Information bottleneck design of the encoder–decoder: The latent space corresponds to "movement intent," providing both functional interpretability (abstraction at the level of motor planning) and utility for downstream analysis.

Limitations & Future Work¶

Severely limited data: Only 1 mouse, a single target location, and 46 trials; statistical power is weak and generalizability cannot be assessed.
Fixed shoulder joint: This simplification causes biceps compensation, resulting in poor EMG prediction accuracy (\(\rho = 0.328\)); relaxing this constraint may yield substantial improvements.
Simplified muscle model: Only 9 actuators are included; the real mouse forelimb has more muscles, and the wrist joint is absent.
Energy cost formulation requires refinement: \(|v| \cdot |f^{act}|\) does not correspond to true metabolic cost; physiologically grounded energy terms (e.g., ATP consumption models) may be more effective.
Causal validity of Simplex prediction is questionable: High trial-to-trial repeatability with a single target location may produce spurious predictability; multi-target and perturbation experiments are necessary for proper validation.
No comparison with real neural data: Aldarondo et al. (2024) demonstrated that a virtual rodent can predict real brain activity; the present work validates only EMG prediction and does not address cortical or spinal neural activity.

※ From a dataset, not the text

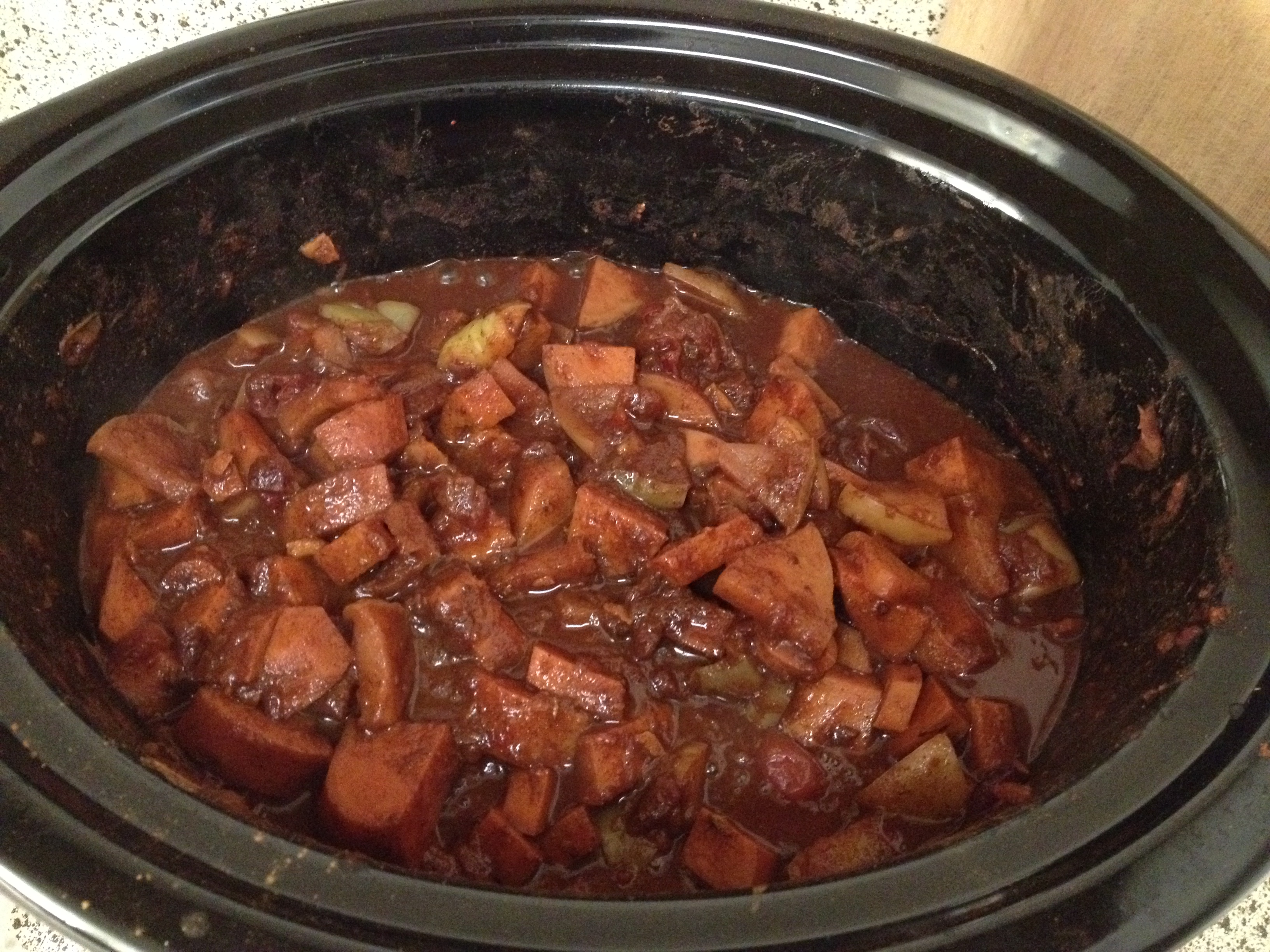 Slow Cooker Sweet Potato, Apple and Cranberry Sauce

vs. Aldarondo et al. (2024): The Virtual Rodent uses a whole-body musculoskeletal model to predict neural activity; the present work focuses on the forelimb with greater anatomical detail but has not yet achieved neural predictive validity.
vs. OpenSim: Traditional biomechanics platforms are CPU-bound; MIMIC-MJX's GPU acceleration provides orders-of-magnitude speedup.
vs. DeepMimic (Peng et al.): DeepMimic applies physics-based imitation learning to humanoid characters; the present work extends this paradigm to real animal musculoskeletal systems with EMG validation.

Rating¶

Novelty: ⭐⭐⭐⭐ — The combination of massively parallel musculoskeletal simulation with Takens reconstruction constitutes a novel tool–method pairing.
Experimental Thoroughness: ⭐⭐⭐ — Methodological validation is clear, but the dataset is extremely limited (1 mouse); larger-scale validation is required.
Writing Quality: ⭐⭐⭐⭐ — Interdisciplinary integration is handled well and the pipeline is described clearly, though some sections of the discussion are verbose.
Value: ⭐⭐⭐⭐ — The MIMIC-MJX platform represents a significant tooling contribution to the computational neuroscience and biomechanics communities, with broad applicability.